Open wink94 opened 4 years ago
Did you modify the balloon.py file? There you can find some lines as:
def load_balloon(self, dataset_dir, subset):
"""Load a subset of the Apple dataset.
dataset_dir: Root directory of the dataset.
subset: Subset to load: train or val
"""
# Add classes
self.add_class("balloon", 1, "balloon1")
self.add_class("balloon", 2, "balloon2")
self.add_class("balloon", 3, "balloon3")
self.add_class("balloon", 4, "balloon4")
self.add_class("balloon", 5, "balloon5")
self.add_class("balloon", 6, "balloon6")
self.add_class("balloon", 7, "balloon7")
@truongtd6285 thanks for the reply man. sorry for not mentioning it in my previous comment. I have already added them. `
``class FlowchartDataset(utils.Dataset):`
def load_flowchart(self, dataset_dir, subset):
self.add_class("Flowchart_symbol", 1, "arrow")
self.add_class("Flowchart_symbol", 2, "data")
self.add_class("Flowchart_symbol", 3, "process")
self.add_class("Flowchart_symbol", 4, "decision")
self.add_class("Flowchart_symbol", 5, "connection")
self.add_class("Flowchart_symbol", 6, "text")

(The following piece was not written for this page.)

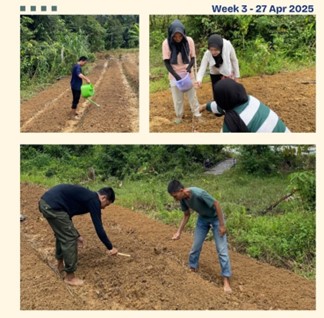 Kegiatan ini dilaksanakan secara bertahap selama periode Maret hingga Mei 2025, dan tercatat dalam logbook mingguan serta didokumentasikan melalui laporan akhir. Evaluasi keberhasilan program dilakukan dengan cara membandingkan hasil tanaman serta melakukan diskusi dengan mitra. Respons masyarakat sangat positif, ditunjukkan dengan antusiasme dalam mengikuti setiap kegiatan dan keinginan untuk melanjutkan praktik tersebut secara mandiri setelah KKN berakhir.

self.add_class("Flowchart_symbol", 7, "terminator")
``
Did you check that your train data were loaded with all 7 labels, or just one label instead? In the train() function, the load_flowchart() is called again, you can check there to know actually which train data was loaded. And when you run inference, did you set the NUM_CLASSES = 1 + 7 as it was in training mode?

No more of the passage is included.